:: YOUR ASSIGNMENT ::
A verbatim copy of all the data is required, minus any images.
===== RECORDED DATA =====
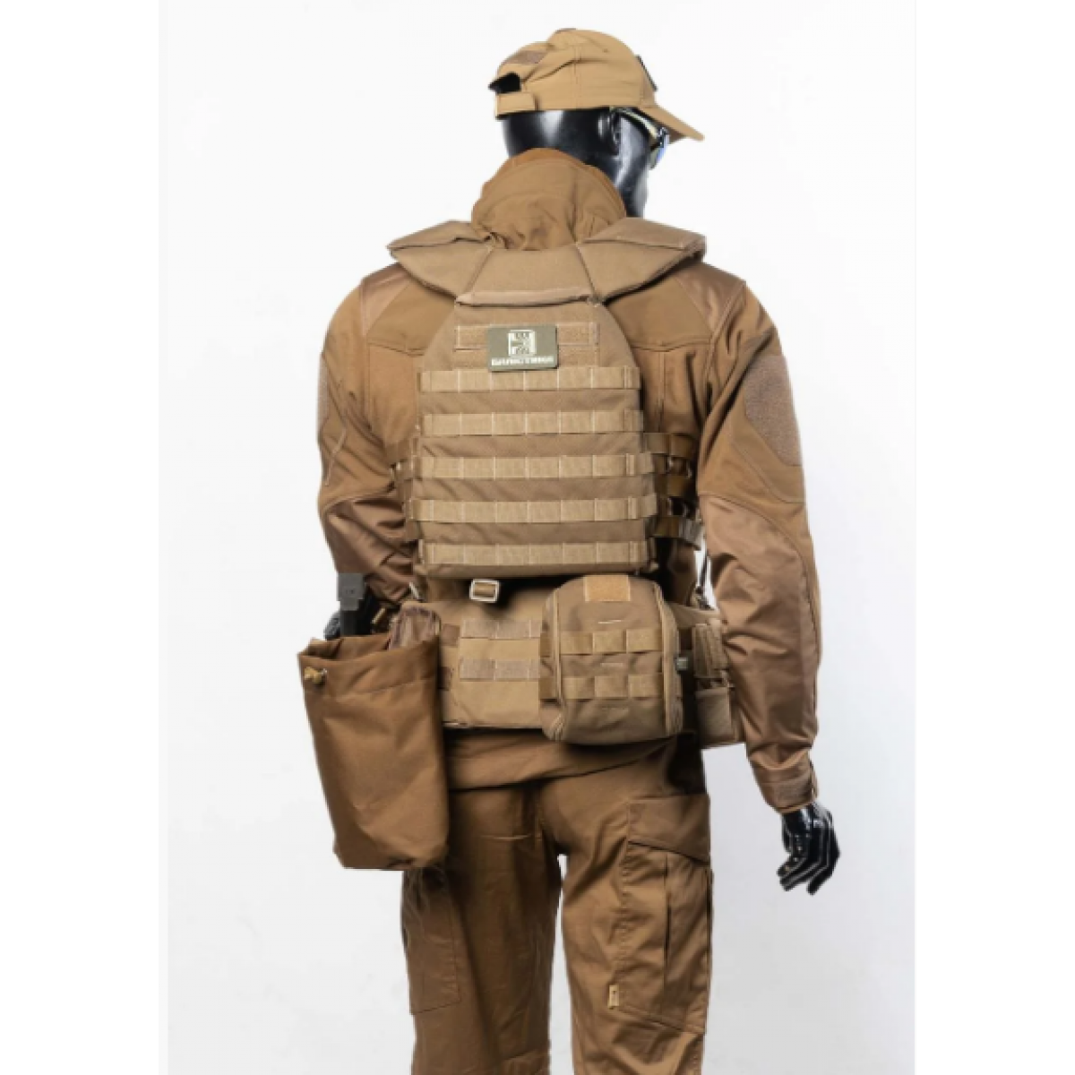 Данная разгрузочная система предусматривает возможность установки дополнительного мягкого броне-пакета с СВМПЭ по 1, 1А или 2 класса баллистического по ГОСТ 4103 В 2002.
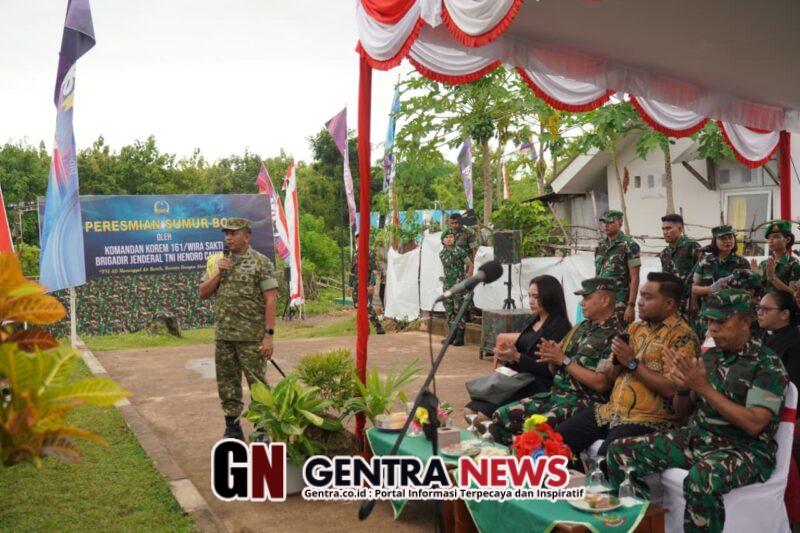 Dalam sambutannya, Danrem 161/Wira Sakti menegaskan bahwa Korem berperan sebagai penghubung antara aspirasi masyarakat dan pihak perbankan, sehingga program bantuan air bersih dapat terealisasi dengan baik. Ia menekankan bahwa keberhasilan pembangunan sumur bor ini merupakan hasil kolaborasi dan kepedulian bersama dalam menjawab kebutuhan masyarakat.
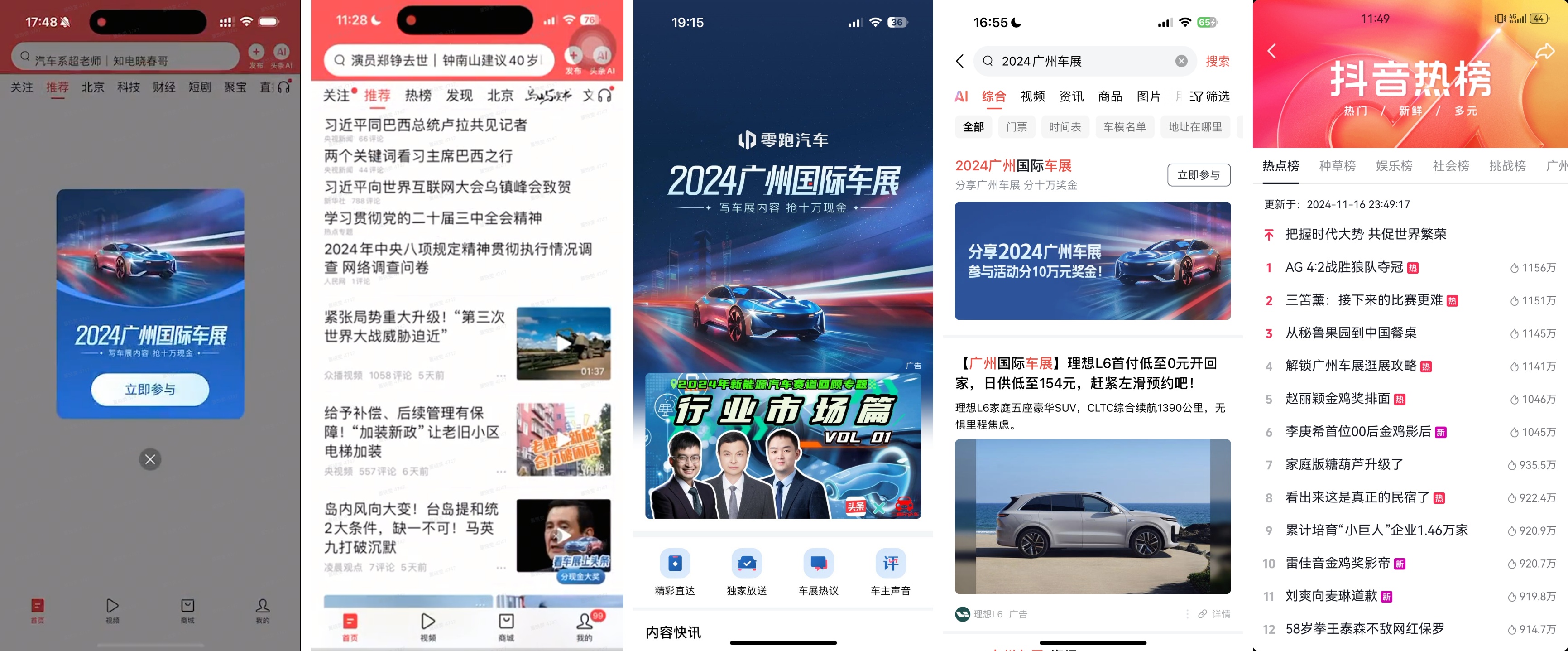 11月15日,今日頭條APP為廣州車展推出專屬定制頻道及搜索卡,并在車展期間上線了首頁彈窗、掛件等優(yōu)質(zhì)資源位,一站式聚合車展精彩快訊多元內(nèi)容,結(jié)合不同客群需求組合平臺優(yōu)質(zhì)資源,最大化聚焦新車用戶核心關(guān)注點,實時更新專業(yè)車展信息。
=====
:: ANSWER SPACE ::
 Данная разгрузочная система предусматривает возможность установки дополнительного мягкого броне-пакета с СВМПЭ по 1, 1А или 2 класса баллистического по ГОСТ 4103 В 2002.
 Dalam sambutannya, Danrem 161/Wira Sakti menegaskan bahwa Korem berperan sebagai penghubung antara aspirasi masyarakat dan pihak perbankan, sehingga program bantuan air bersih dapat terealisasi dengan baik. Ia menekankan bahwa keberhasilan pembangunan sumur bor ini merupakan hasil kolaborasi dan kepedulian bersama dalam menjawab kebutuhan masyarakat.
 11月15日,今日頭條APP為廣州車展推出專屬定制頻道及搜索卡,并在車展期間上線了首頁彈窗、掛件等優(yōu)質(zhì)資源位,一站式聚合車展精彩快訊多元內(nèi)容,結(jié)合不同客群需求組合平臺優(yōu)質(zhì)資源,最大化聚焦新車用戶核心關(guān)注點,實時更新專業(yè)車展信息。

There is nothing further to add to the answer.